INCITE! Women of Color Against Violence

INCITE! Women of Color Against Violence is a United States-based national activist organization of radical feminists of color advancing a movement to end violence against women of color and their communities. INCITE! is organized by a national collective of women of color and has active chapters and affiliates in San Francisco, Washington, D.C., Denver, Albuquerque, Austin, New Orleans, Boston, Philadelphia, New York City, Ann Arbor, Binghamton, Chicago, and a chapter in Toronto, Ontario, Canada. INCITE! was founded in 2000.


INCITE! began in 2000 after organizing the conference, "The Color of Violence: Violence Against Women of Color," held at University of California-Santa Cruz on April 28-29, 2000. Issues addressed at this conference included immigrant rights and Indian treaty rights, the proliferation of prisons, militarism, attacks on the reproductive rights of women of color, medical experimentation on communities of color, homophobia and heterosexism, economic neo-colonialism, and the politicization of the movement against domestic and sexual violence. Conference organizers initially anticipated a small gathering of one to two hundred people, but over one thousand people attended and over two thousand people had to be turned away because of space limitations." Andrea Smith, an INCITE! co-founder, wrote that "the overwhelming response to this initial effort suggests that women of color and their allies are hungry for a new approach toward ending violence." As a result of this enthusiastic response, conference organizers and others founded INCITE! to continue to implement the ideas of the conference.


INCITE! identifies "violence against women of color" as a combination of "violence directed at communities," such as police violence, war, and colonialism, and "violence within communities," such as rape and domestic violence. INCITE! critiques the battered women's movement and anti-rape movement as becoming increasingly professionalized, keeping it from taking more political stances on institutional oppression and violence, and increasingly collaborative with the criminal justice system, which they identify as being "brutally oppressive towards communities of color." INCITE! also critiques racial justice organizing that focuses on racism only as it affects men of color. As an alternative strategy, INCITE! develops strategies to address both personal and state violence, acknowledging the ways that oppressions intersect in the lives of women of color. At INCITE!'s first conference, "The Color of Violence," in 2000, speaker Angela Davis described this intersectional approach to violence against women of color in the following way:

"We need an analysis that furthers neither the conservative project of sequestering millions of men of color in accordance with the contemporary dictates of globalized capital and its prison industrial complex, nor the equally conservative project of abandoning poor women of color to a continuum of violence that extends from the sweatshops through the prisons, to shelters, and into bedrooms at home. How do we develop analyses and organizing strategies against violence against women that acknowledge the race of gender and the gender of race?

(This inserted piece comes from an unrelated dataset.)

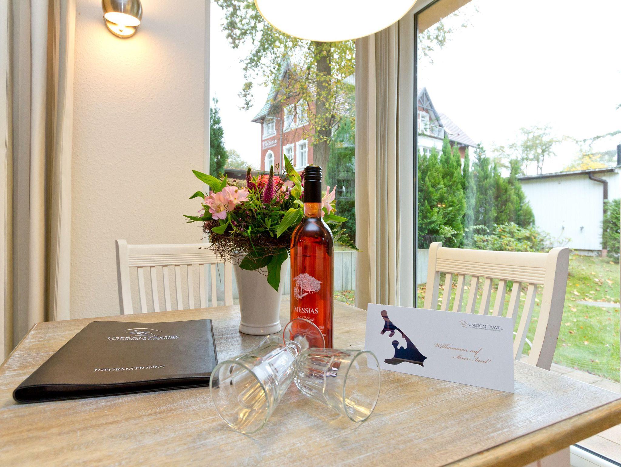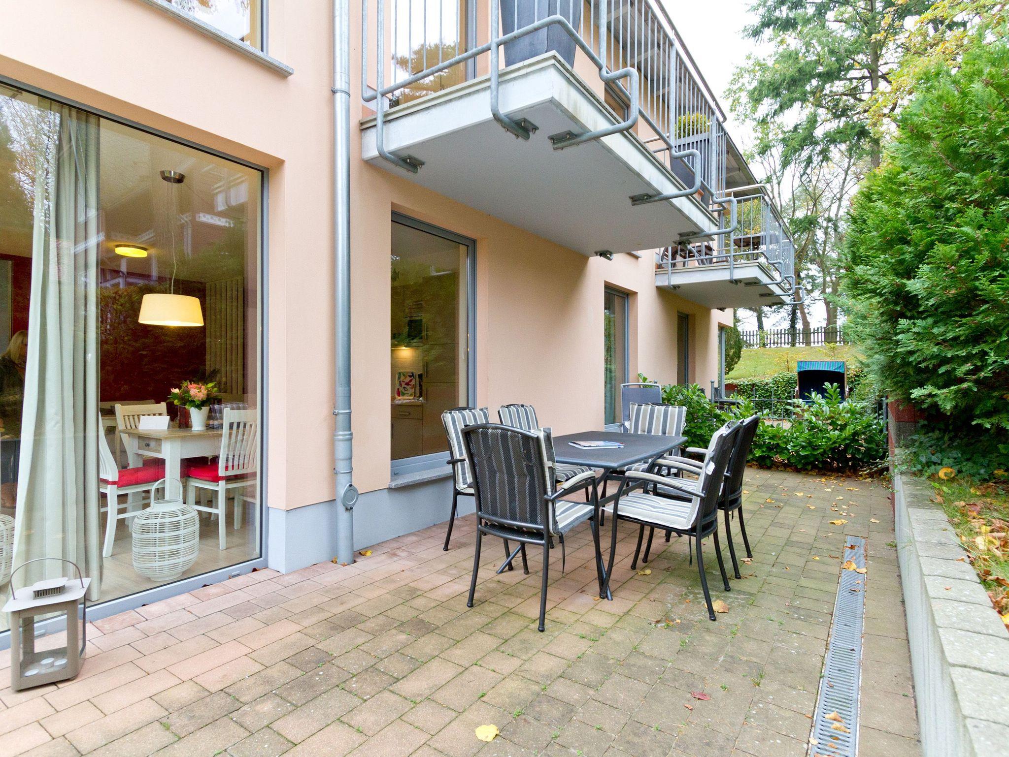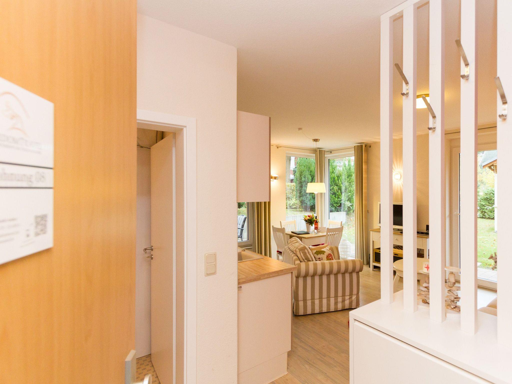 Diese 2-Raum-Ferienwohnung besticht durch eine zeitlos elegante Einrichtung und harmonierende Stoffe und Farben. Das helle Wohnzimmer mit Flachbild-TV und die komplett ausgestattete Küchenzeile eignen sich für einen komfortablen Urlaub. Im stylischen Schlafzimmer mit Doppelbett (1,80m x 2,00m) findet auch ein Babyreisebett Platz. Auf der umlaufenden Terrasse genießen sie die Morgen- und Nachmittagssonne und als besonderes Bonbon steht Ihnen noch ein kleines Teehäuschen vor Ihrer Terrasse zur Verfügung. Auf Wunsch stellen wir für unsere kleinen Gäste ein Kinderreisebett (ohne zusätzliche Matratze [&] Bettzeug) und einen Kinderhochstuhl ( gegen einen Aufpreis) zur Verfügung. Für Ihren Komfort sind die Betten bei der Anreise bezogen und Handtücher liegen bereit. Ein tolles Domizil für zwei Erwachsene und ein Kleinkind.

INCITE! works on several local and national campaigns including organizing against police violence against women and trans people of color, for community-based strategies to hold people engaged in abusive behavior such as domestic and sexual violence accountable, against sterilization abuse and the Hyde Amendment, and against the War on Iraq and U.S. militarism. INCITE! helped to establish the Boarding School Healing Project, a project that organizes Native Americans to hold the U.S. government accountable for forcing over 100,000 Native children to go to Christian boarding schools where they were often raped and abused. In 2004, INCITE! launched SisterFire, a national tour of women of color artists using creative cultural methods to engage other women of color on a number of issues, including war, reproductive violence, and immigrant rights.

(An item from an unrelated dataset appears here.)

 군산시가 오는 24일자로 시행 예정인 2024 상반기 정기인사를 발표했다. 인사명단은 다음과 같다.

INCITE!'s grassroots chapters also organize projects to address multiple kinds of violence against women of color. After Hurricane Katrina, INCITE!'s New Orleans chapter began a women's health clinic to support low-income and uninsured women of color to meet their healthcare needs and to organize for racial, gender, economic, and environmental justice. INCITE!'s Philadelphia chapter has worked on issues of housing and gentrification. INCITE!'s affiliate, Sista II Sista, organized campaigns against sexual harassment of young women of color by police officers in Brooklyn, NY. INCITE!'s Denver chapter spotlighted an intersectional analysis of racism and violence against women as a critique to other anti-violence organizations' responses to the Kobe Bryant sexual assault case. INCITE!'s chapter in Washington, D.C. organized direct actions against street harassment.

INCITE! also organized two other national Color of Violence conferences: "The Color of Violence II: Building A Movement" in Chicago, IL in March 2002, and "The Color of Violence III: Stopping The War On Women of Color" in New Orleans, LA in March 2005. INCITE! also helped to organize a national conference in April 2004 entitled, "The Revolution Will Not Be Funded: Beyond The Non-Profit Industrial Complex" at the University of California-Santa Barbara. This latter conference brought together activists to investigate the impact of the non-profit system on grassroots movement building.

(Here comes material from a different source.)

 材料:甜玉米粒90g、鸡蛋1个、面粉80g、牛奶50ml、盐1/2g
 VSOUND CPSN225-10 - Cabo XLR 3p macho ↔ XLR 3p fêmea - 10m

In 2006, INCITE! published an anthology of writings that reflect their politics entitled, Color of Violence: The INCITE! Anthology, published by South End Press. In 2007, they also published an anthology entitled, The Revolution Will Not Be Funded: Beyond The Non-Profit Industrial Complex, published by South End Press. The Revolutiuon Will Not Be Funded was awarded the Gustavus Myers 2007 Outstanding Book Award.